=== Assigned task ===
Would you please restate the data exactly as it stands, apart from the pictures?

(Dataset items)
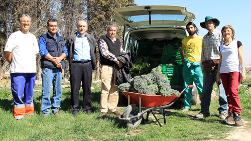 Con esta finalidad se han entregado esta mañana unos 75 kilos de hortalizas ecológicas (brocoli, acelga, borraja, espinacas, puerros, apio, lechugas, coles de bruselas y repollo) al comedor social de la parroquia del Carmen. Conforme se vayan cosechando alimentos se organizarán nuevas entregas.
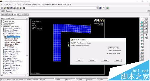 5、mian menu--general postproc--polt result--deformed选择数据类型为ALL item,点击 ... 的图标,选择该模型的rst文件,点击OK
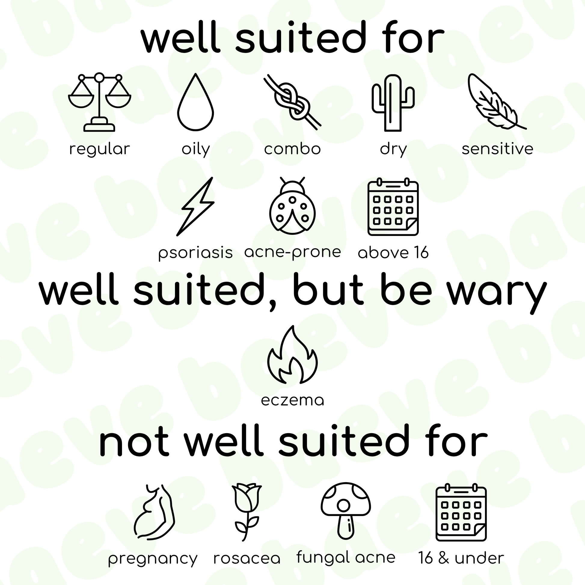 Not well suited: pregnancy, rosacea, those 16 years of age and under, and those trying to avoid fungal acne triggers
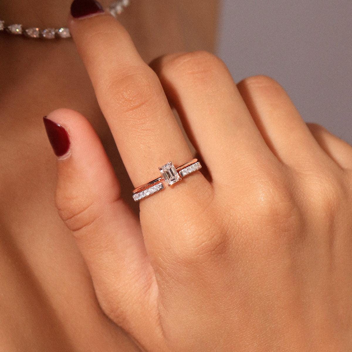 Open Diamond Band Ring, Minimalist Lab Grown Diamond Ring, Adjustable Gold Ring, Dainty Stacking Ring, Wedding Band Gift For Her
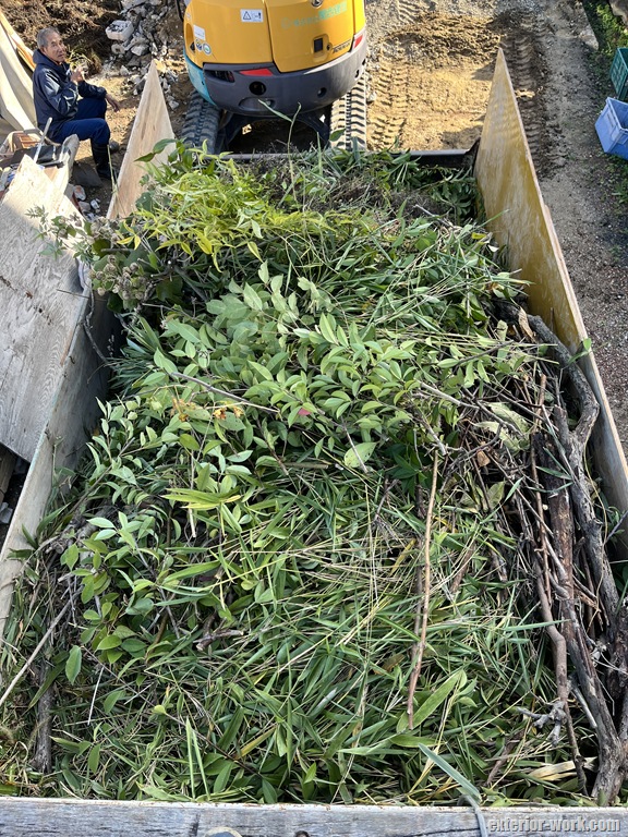 ダンプにコンパネ立てて、枝葉は嵩張らない様にカットしながら積み込んでは踏みつけて。。

=== Written answer ===
 Con esta finalidad se han entregado esta mañana unos 75 kilos de hortalizas ecológicas (brocoli, acelga, borraja, espinacas, puerros, apio, lechugas, coles de bruselas y repollo) al comedor social de la parroquia del Carmen. Conforme se vayan cosechando alimentos se organizarán nuevas entregas.
 5、mian menu--general postproc--polt result--deformed选择数据类型为ALL item,点击 ... 的图标,选择该模型的rst文件,点击OK
 Not well suited: pregnancy, rosacea, those 16 years of age and under, and those trying to avoid fungal acne triggers
 Open Diamond Band Ring, Minimalist Lab Grown Diamond Ring, Adjustable Gold Ring, Dainty Stacking Ring, Wedding Band Gift For Her
 ダンプにコンパネ立てて、枝葉は嵩張らない様にカットしながら積み込んでは踏みつけて。。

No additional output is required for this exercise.